Song Meaning
The lyrics paint a visceral and bleak picture, opening with stark pronouncements of "愛国無罪" (Patriotism is guiltless) and "哀国無残" (Grief for the country is brutal), immediately setting a tone of nationalistic fervor turned destructive. This is followed by graphic imagery of "剥皮抽腸" (skinning and drawing entrails) and "陵遅処斬" (lingering death and dismemberment), suggesting extreme punishment and societal breakdown. The repetition of the opening phrases reinforces the cyclical nature of this violence, culminating in the chilling command, "売国奴ハ死ネ" (Traitors must die).
The second stanza shifts to surreal, apocalyptic imagery: a "seven-colored river," "five-colored sky," and "foaming sea" where "fish drown." This unnatural landscape is populated by a "one-eyed beast" and a "two-headed infant," under a "red star" illuminating a "bald mountain." The pervasive sense of desolation is amplified by the line, "亡骸の還るべき 大地も無い" (There is no earth for the remains to return to), emphasizing a complete severance from natural order and belonging.

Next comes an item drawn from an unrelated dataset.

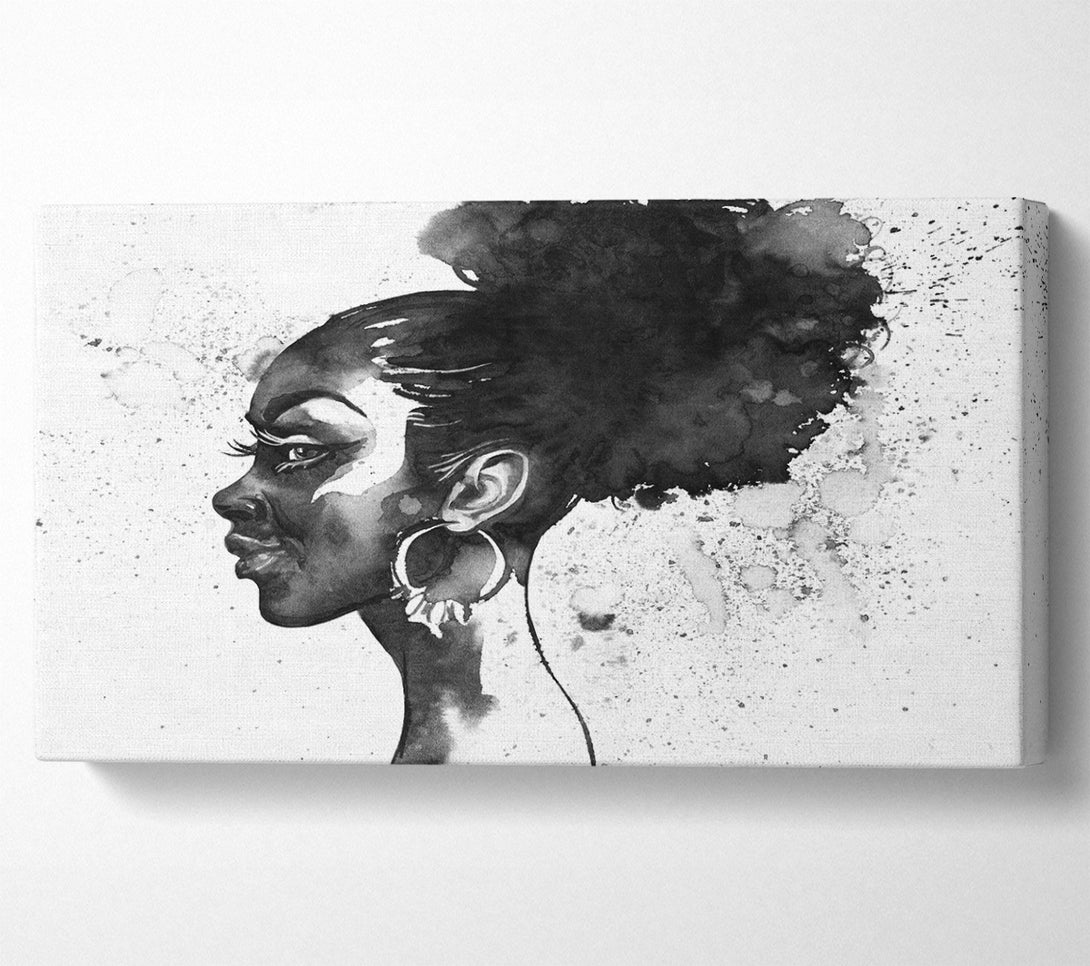 Ink Drawing Face wide canvas, printed on coated polyester canvas. Mounted on to a 44mm box frame, ready to hang.

The core of the song’s plea lies in the narrator’s desperate appeal to the "birds" and the "sky." The narrator asks the birds, "鳥よ まだ飛ぶ空が 残っているなら 迎えに来て" (Birds, if there is still sky to fly in, come and get me), wanting them to "peck and gather" their "severed body and history." This desire for the birds to consume them suggests a wish for dissolution, a release from a broken existence where even their "soul has no cycle of reincarnation" to return to. The imagery of "繋がれた脚 捥がれた手首" (bound legs, torn-off wrists) and a "future thinned out" speaks to a profound sense of being incapacitated and having potential extinguished.
The lyrics masterfully use contrasting elements and stark imagery to convey a sense of profound loss and existential despair. The initial violent pronouncements give way to a plea for oblivion, highlighting a complete breakdown of societal and personal order. The final lines, "空よ まだ飛ぶ鳥が あるなら 私を連れていけ" (Sky, if there are still birds to fly, take me with you), and the mention of a "three-legged crow" that has forgotten the narrator, underscore a deep isolation. This feeling of being forgotten, even by mythical or symbolic creatures, makes the narrator's desire for the birds to carry them away all the more poignant, a final, desperate act of seeking an end to suffering in a world that has rendered them history-less and disconnected.